Hundreds of protesters packed the sidewalk at the foot of the U.S. Supreme Court, demanding that the United States close its Guantanamo Bay prison shouting "What do we want? Justice! When do we want it now? Now!" and in Spanish "Que queremos? Justicia! Cuando? Ahora!"
The prison opened five years ago in the wake of the September 11, 2001 terrorist attacks on the United States and after the start of the U.S.-led war in Afghanistan.
U.S. officials say the prison's purpose is to hold and question enemy combatants as part of the war on terror.
However, of the nearly 800 detainees the center has held, only 10 have faced charges.

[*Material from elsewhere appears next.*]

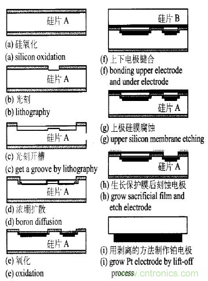 硅電容式壓力傳感器的敏感元件是半導(dǎo)體薄膜,它可以由單晶硅、多晶硅等利用半導(dǎo)體工藝制作而成。典型的電容式傳感器由上下電極、絕緣體和襯底構(gòu)成。當(dāng)薄膜受壓力作用時,薄膜會發(fā)生一定的變形,因此,上下電極之間的距離發(fā)生一定的變化,從而使電容發(fā)生變化。但電容式壓力傳感器的電容與上下電極之間的距離的關(guān)系是非線性關(guān)系,因此,要用具有補(bǔ)償功能的測量電路對輸出電容進(jìn)行非線性補(bǔ)償。由于高溫壓力傳感器工作在高溫環(huán)境下,補(bǔ)償電路會受到環(huán)境溫度的影響,從而產(chǎn)生較大的誤差?;谀P妥R別的高溫壓力傳感器,正是為了避免補(bǔ)償電路在高溫環(huán)境下工作產(chǎn)生較大誤差而設(shè)計的,其設(shè)計方案是把傳感器件與放大電路分離,通過模型識別來得到所測環(huán)境的壓力。高溫工作區(qū)溫度可達(dá)350 ℃。傳感器件由鉑電阻和電容式壓力傳感器構(gòu)成。其MEMS 工藝如下:

Amnesty International's Larry Cox told the crowd the United States cannot continue to detain people indefinitely. "There's no evidence that we have been made safer. But there is growing evidence, every single day,- that the U.S. government's moral authority and its ability to advance human rights have been severely diminished," he said.
Gitanjali Gutierrez, a lawyer with the Center for Constitutional Rights, has visited the prison and talked to its inmates. "I stand here as one of few civilian individuals who has been able to go to Guantanamo and sit across a table with a man who is shackled to the floor, who's been held for five years and has had very little contact with his family. Some of us have had to tell men about the death of their parents over these five years, about the birth of children that they have not seen and in some cases, about the death of a child," he said.
In a separate protest, authorities arrested nearly 100 protesters inside a Washington federal courthouse. The protesters wore orange jumpsuits such as those worn by Guantanamo detainees and demanded the release of the prisoners.
Other small protests against the U.S. detention center took place in Australia, Cuba and Britain.